June 27, 2018

Horse 2430 - Australia Knocked Out Before A Ball Was Kicked - But It's Fine

Australia 0 - Peru 2
Carillo 17'
Guerrero 50'

It was obvious before the kickoff in the Australia - Peru match, that Australia would not qualify for the round of 16. If you'd been watching the kickoff in the France - Denmark games which started two and a half minutes earlier, you would have seen from the get go, that France had no intentions of trying terribly hard and that Denmark were absolutely fine with their part in being co-conspirators in the quest to pick up one point each. In fact, the highlight reel of that match, pretty well much began and ended with the kickoff and final whistle and not much else. France and Denmark secured a point each by playing a game which is best described as dour.

As for Australia's hopes independent of that match? Well, let's just say that this was an industrial relations field day, with both Australia and Denmark having less strikes than a well organised and coordinated worksite where everyone is happy with their pay and conditions.

Peru didn't start this game at anywhere near as frenetic a pace as Denmark or France did. This laid back approach would serve them well as they calmly dealt with any attacks that Australia might make. In fact the opening goal of the game happened against the run of play; on a counter attack and surprisingly very calmly indeed.

Peru pressed forward to the edge of the 18 yard box, while Australia looked organised  defensively and held their line. A cross was sent in front of the back four, where Carillo thumped it into the bottom left side of the goal and back across Matt Ryan. It was really Peru's first meaningful touch on the ball in the match and seventeen minutes in, they were already looking like they'd pick up all three points in what was effectively a dead rubber.

Most of this match looked kind of the same from this point. Australia would push forwards, and either get stalled in front of the opposition's defence, or take a shot and jag it badly.

Milligan's pass to Leckie resulted in a miss (20'). Mooy had a meaningful shot that breezed past the post (39'). Behich delivered a corner that bounced around for a bit before Cahill's stot missed (60'). Rogic played a long ball after which Behich found himself in space and the missed (71'). Peru's Flores hit a shot that was more hopeful than good and missed (80'). Jedinak took a free kick after Sainsbury was brought down a missed everything (82'.)

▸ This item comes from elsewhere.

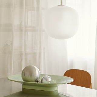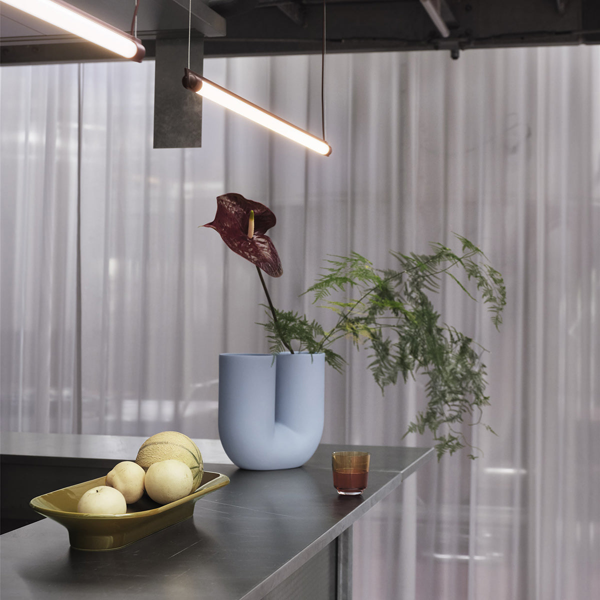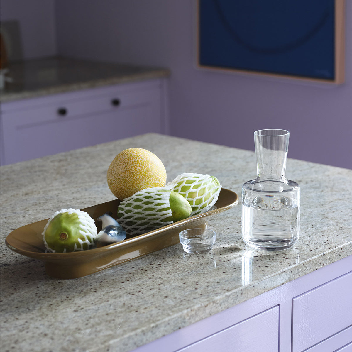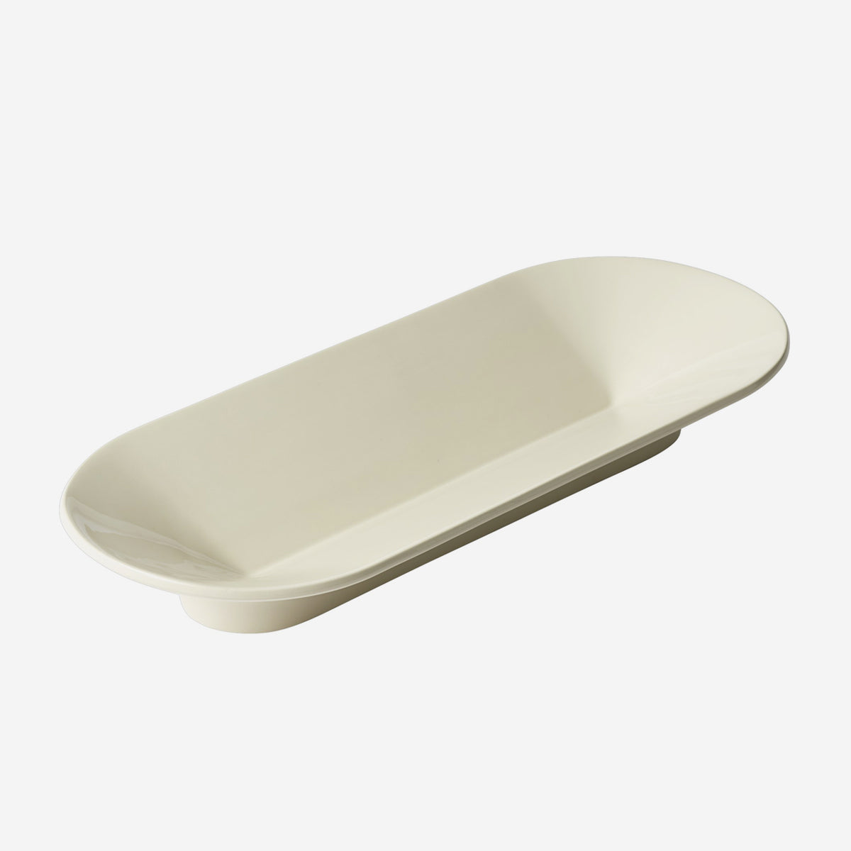Die Mere Bowl ist ein skulpturaler Mittelpunkt auf dem Tisch. Sie fügt sich harmonisch in den Raum ein, egal ob sie gefüllt wird oder nicht. Ihre charakteristische Form ist einfach und doch raffiniert: die Linie in der Mitte faltet sich zu den Seiten hin und bildet eine Schale. Durch einen diskreten Fuß erhöht scheint sie zu schweben. Die Schale ist aus taktilem Steinzeug gefertigt und mit einer hochglänzenden Glasur überzogen, die die Schatten, die sich entlang der Faltung von Mere Bowl bilden, hervorhebt. Diese Oberflächenbehandlung macht die Schale lebensmittelecht.
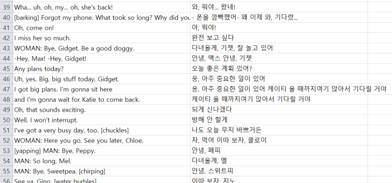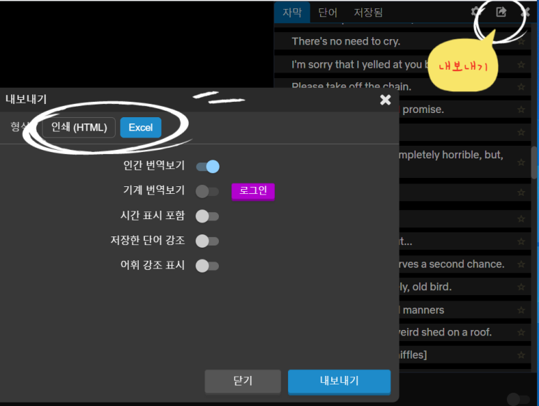 엑셀로 출력할 때는 원하는 부분의 문장만 따로 학습하고 싶을 때 한영 대본 수정을 위해 이용합니다.

The other goal came at the 50 minute mark when Guerrero (who was only allowed in the tournament because the confederations of France, Denmark and Australia, decided to forgive his cocaine charges which would have rendered him ineligible) made a run into the 18 yard box and had a go. There was nothing inherently remarkable about the goal other than it doubled the scoreline and given that apart from Matt Leckie, nobody in an Australian shirt has scored a goal in calendar year 2018, this effectively put the game beyond Australia.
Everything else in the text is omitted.